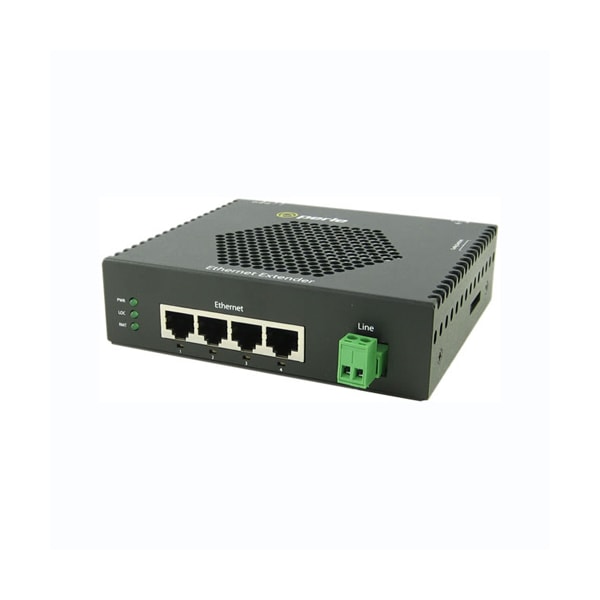 eX-4S1110-TB-XT - Industrial Temperature Gigabit Ethernet Extender: 4 port 10/100/1000Base-T (RJ-45). 2-pin Terminal Block Interlink (VDSL2) connector. -40C to 75C (-40F to 167F) operating temperature
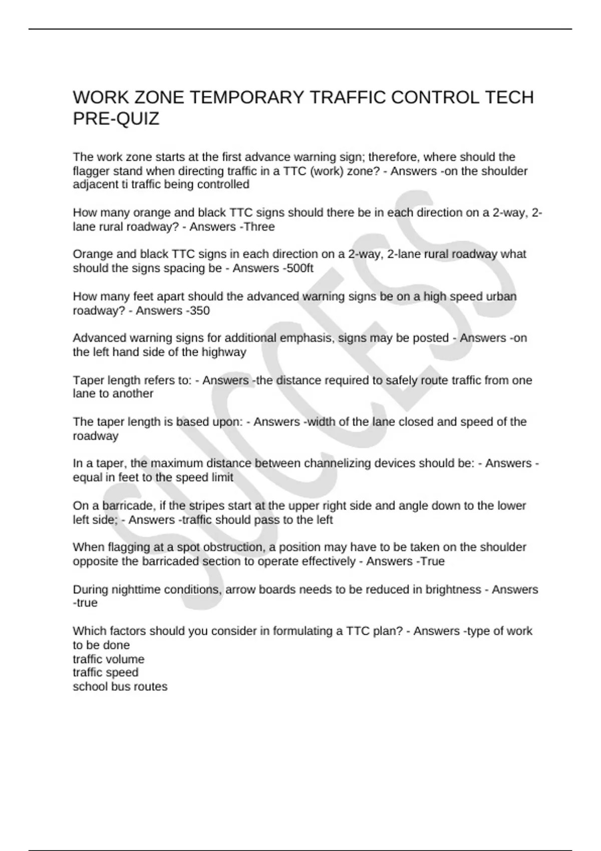 - Answers -Manual of uniform traffic control devices
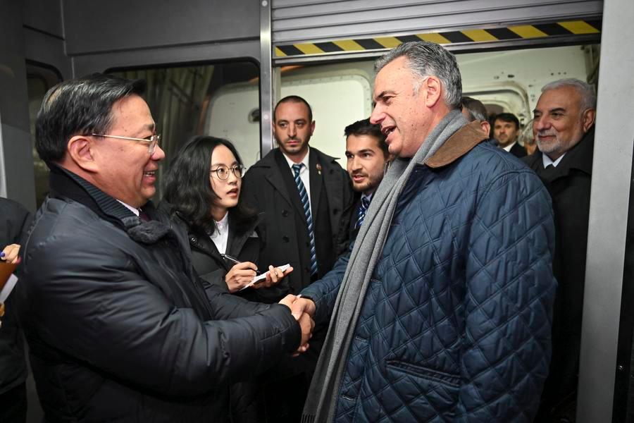1日、北京に到着したウルグアイのオルシ大統領(手前右)。(北京=新華社記者/李鑫)
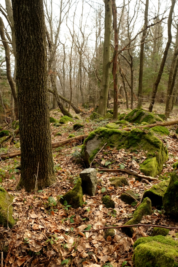 Po obejrzeniu skały z rytami kierujemy się na południowy wschód do kolejnej ciekawostki, która ma znajdować się gdzieś tutaj, na zachodnim stoku Piwanego. Nie znajdujemy jej od razu bo ma to być niewielki kamień i trudno go wypatrzyć wśród drzew. Wchodzimy więc na szczyt upstrzony mnóstwem omszonych kamieni. Dawniej stał tu trianguł ale dziś nie ma już po nim śladu – jest tylko granitowy słupek geodezyjny. Na południowy wschód od wierzchołka rozciąga się dość długi, wąski jar upstrzony sterczącymi głazami i wypełniony rumoszem skalnym. Rodzi się pytanie: Czy jest naturalny, czy może są tu pozostałości okopów?
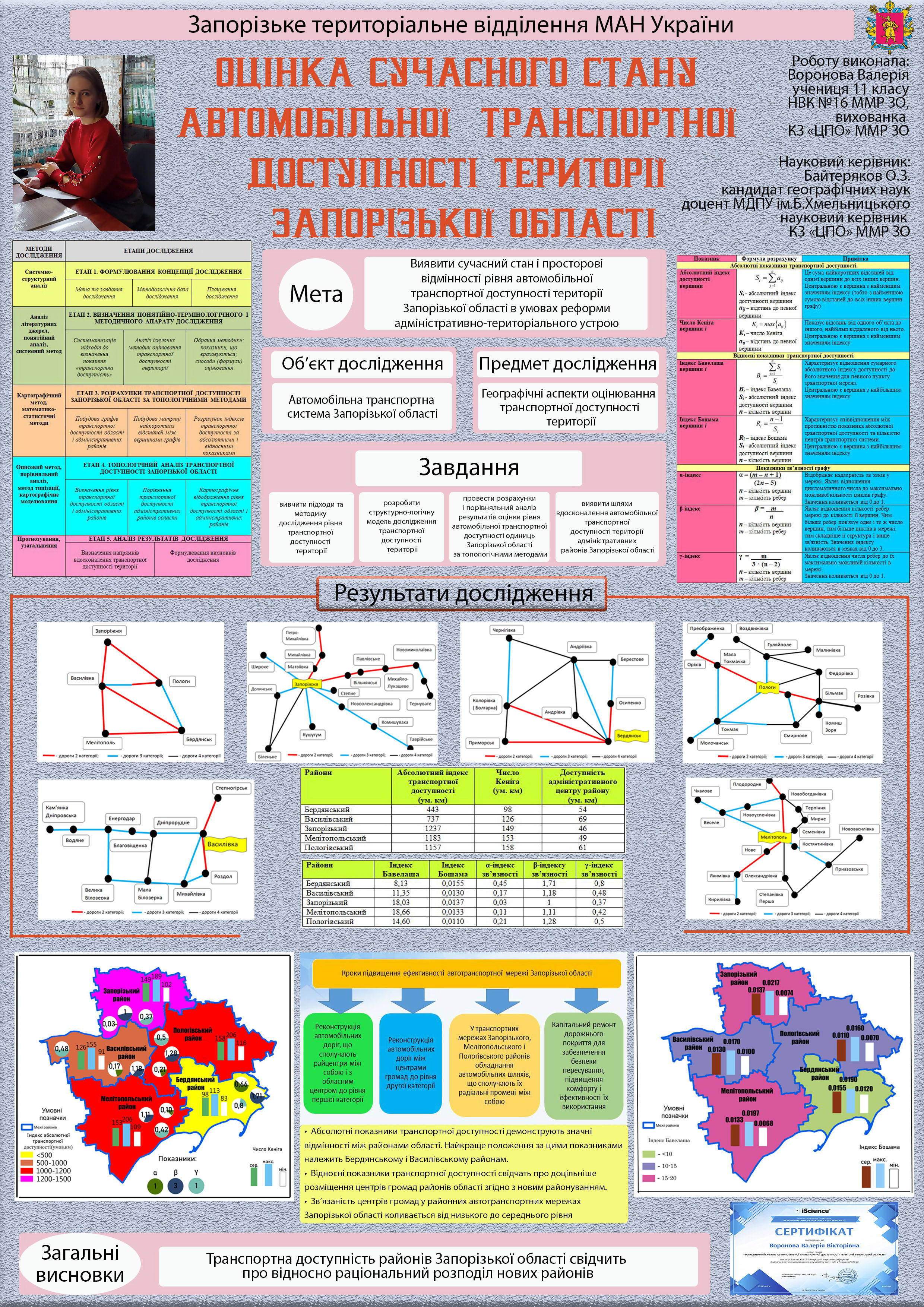 Її дослідження на тему «Оцінка сучасного стану автомобільної транспортної доступності території Запорізької області» відрізнялось актуальністю і високим науковим рівнем.

.....

In the listing above, find the line with "- Answers -Manual" and the line with "1日、北京に到着したウルグア". Output both, plus every line between them, and no pictures.

 - Answers -Manual of uniform traffic control devices
1日、北京に到着したウルグアイのオルシ大統領(手前右)。(北京=新華社記者/李鑫)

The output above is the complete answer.